● INFORMATION PROVIDED:
____
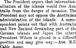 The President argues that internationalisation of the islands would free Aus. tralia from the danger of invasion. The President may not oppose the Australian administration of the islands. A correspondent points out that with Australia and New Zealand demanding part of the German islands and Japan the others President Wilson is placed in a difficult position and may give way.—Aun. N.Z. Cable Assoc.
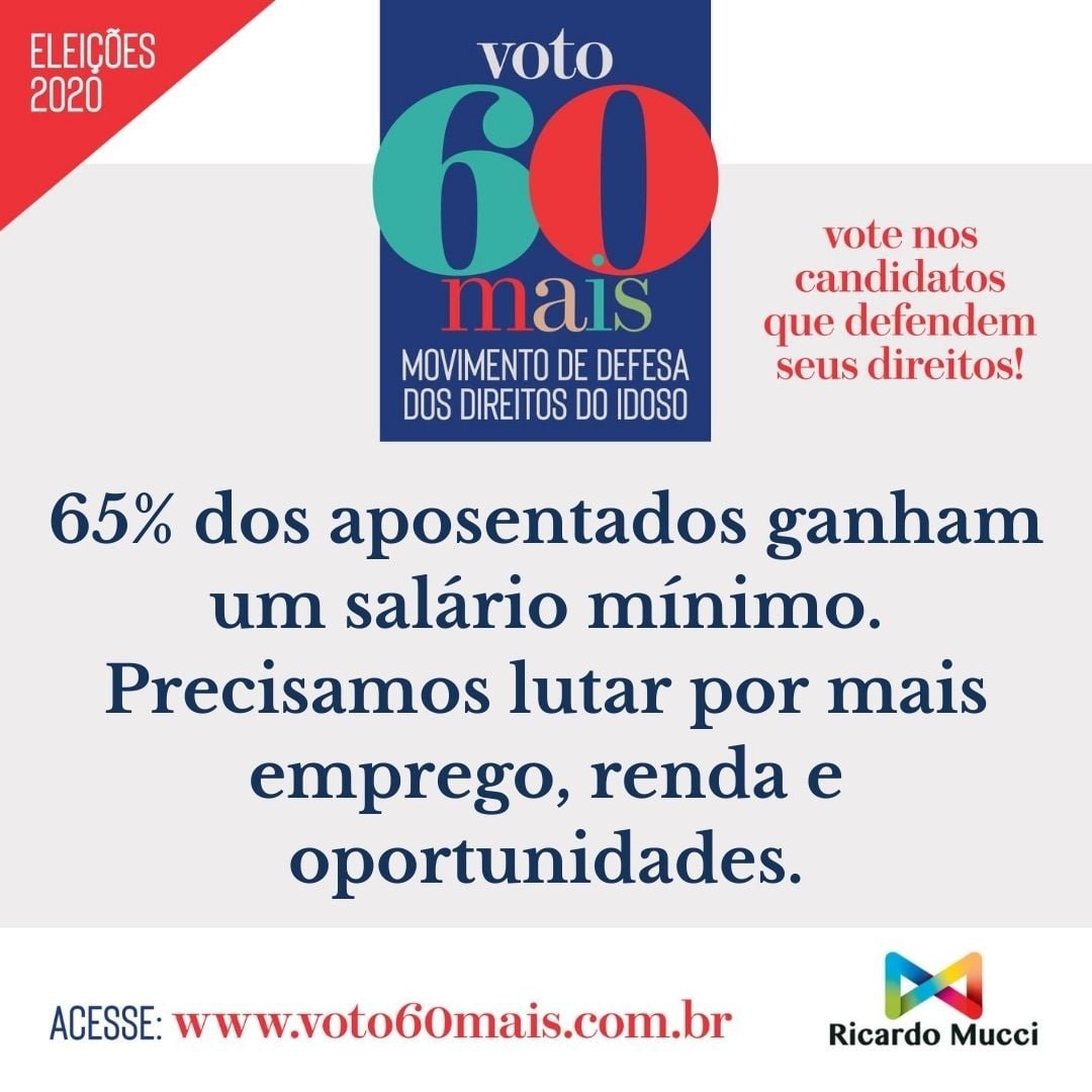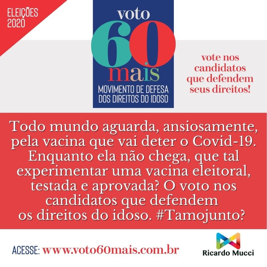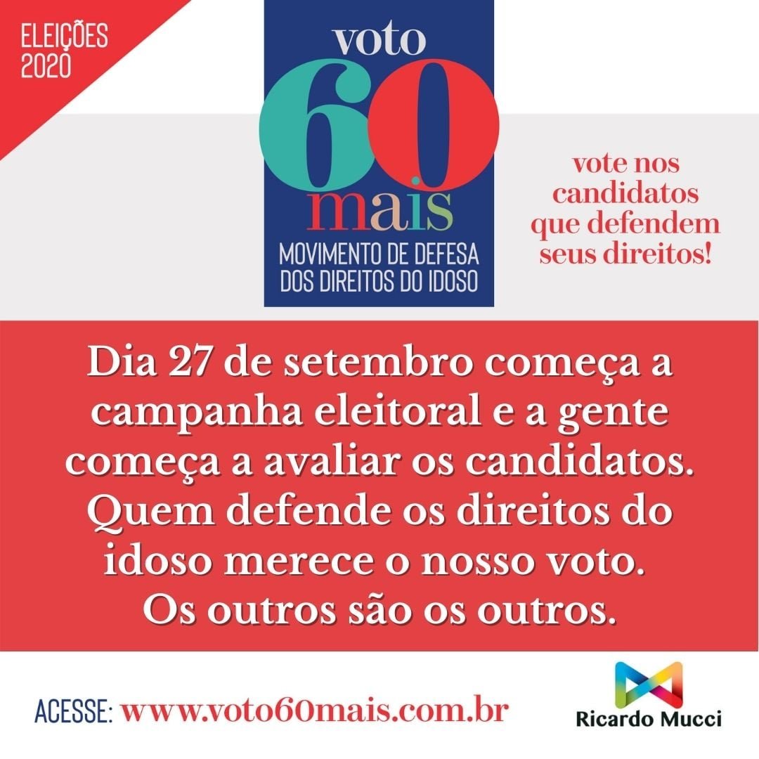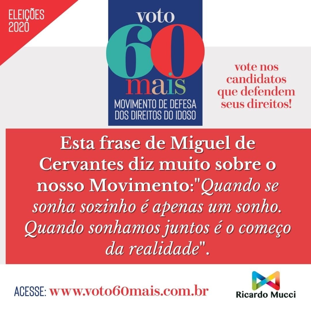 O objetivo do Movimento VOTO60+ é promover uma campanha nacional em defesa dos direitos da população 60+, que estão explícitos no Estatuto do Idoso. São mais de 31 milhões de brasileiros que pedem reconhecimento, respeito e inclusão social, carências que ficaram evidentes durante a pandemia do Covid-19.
____
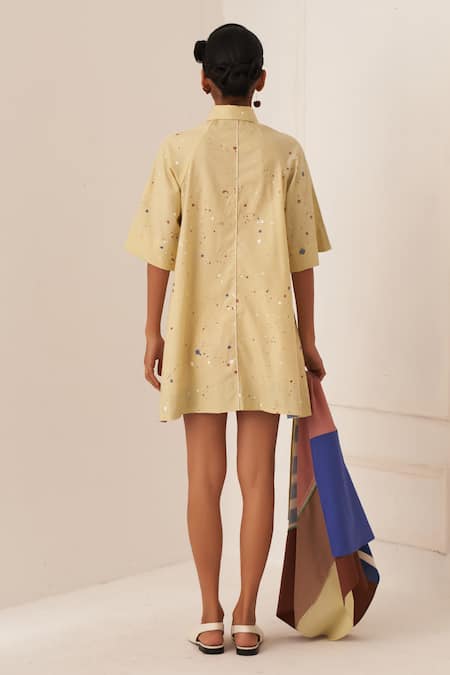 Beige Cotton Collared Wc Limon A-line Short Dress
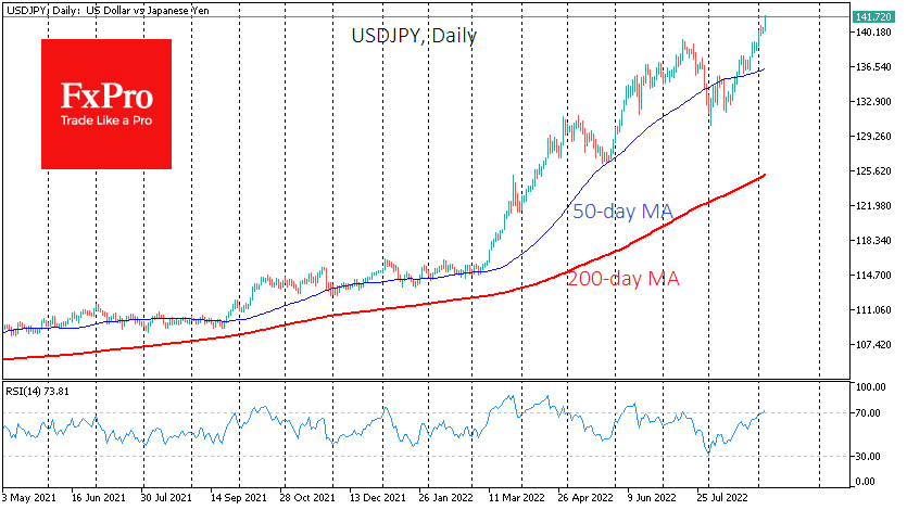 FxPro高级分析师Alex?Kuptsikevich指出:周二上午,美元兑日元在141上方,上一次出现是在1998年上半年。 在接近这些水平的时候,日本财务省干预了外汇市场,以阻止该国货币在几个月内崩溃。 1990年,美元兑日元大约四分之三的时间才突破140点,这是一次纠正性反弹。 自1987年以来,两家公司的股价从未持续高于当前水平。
____
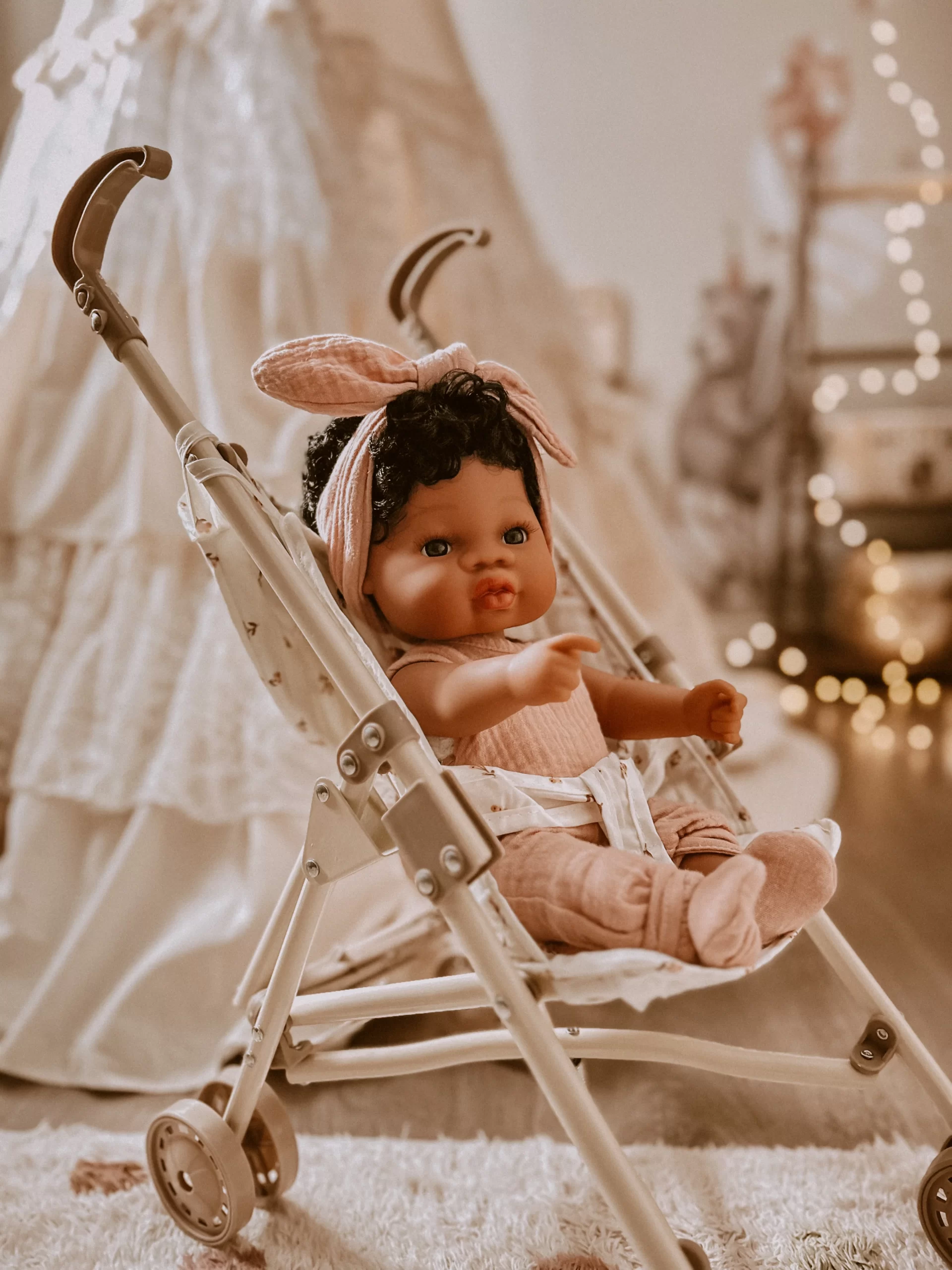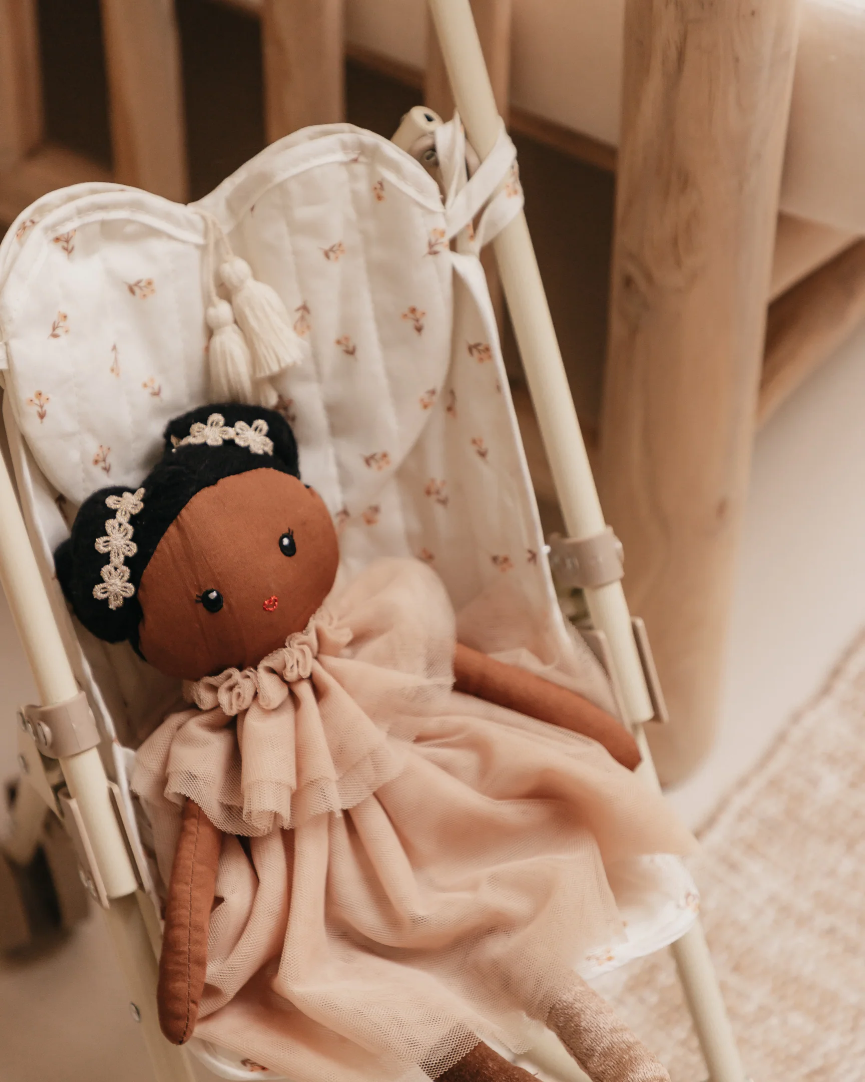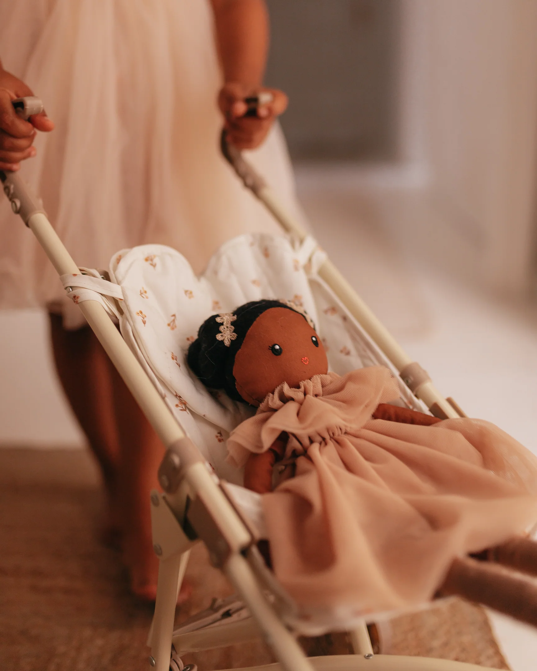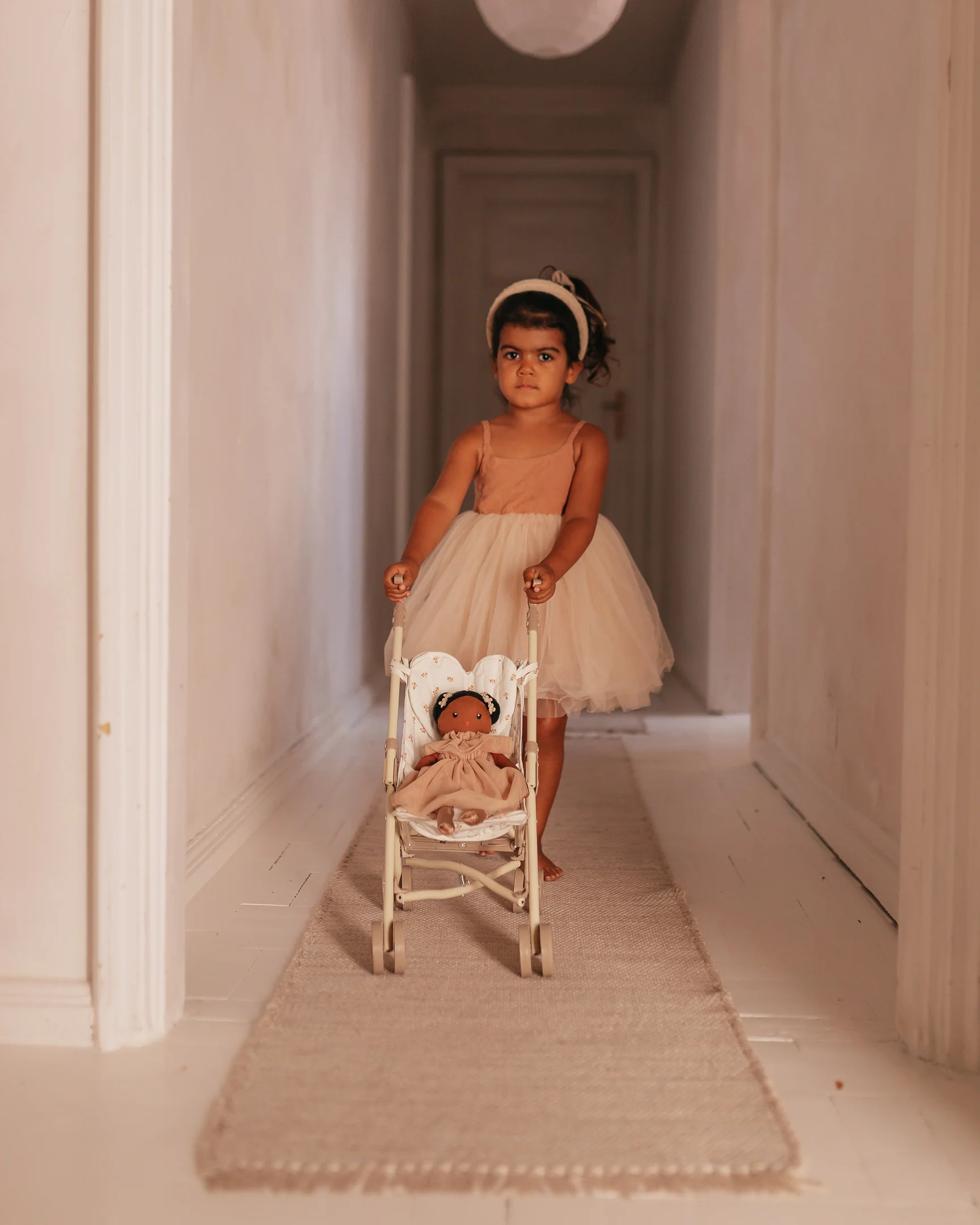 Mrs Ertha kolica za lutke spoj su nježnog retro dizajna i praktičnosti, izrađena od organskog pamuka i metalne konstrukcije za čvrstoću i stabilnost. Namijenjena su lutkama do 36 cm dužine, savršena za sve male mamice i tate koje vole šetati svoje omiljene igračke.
____
● YOUR OBJECTIVE: Nothing but the lines above, starting at the line that contains "The President argues" and ending at the line that contains "O objetivo do", should be given again, exactly and without the pictures.

● EXERCISE RESULT:
 The President argues that internationalisation of the islands would free Aus. tralia from the danger of invasion. The President may not oppose the Australian administration of the islands. A correspondent points out that with Australia and New Zealand demanding part of the German islands and Japan the others President Wilson is placed in a difficult position and may give way.—Aun. N.Z. Cable Assoc.
 O objetivo do Movimento VOTO60+ é promover uma campanha nacional em defesa dos direitos da população 60+, que estão explícitos no Estatuto do Idoso. São mais de 31 milhões de brasileiros que pedem reconhecimento, respeito e inclusão social, carências que ficaram evidentes durante a pandemia do Covid-19.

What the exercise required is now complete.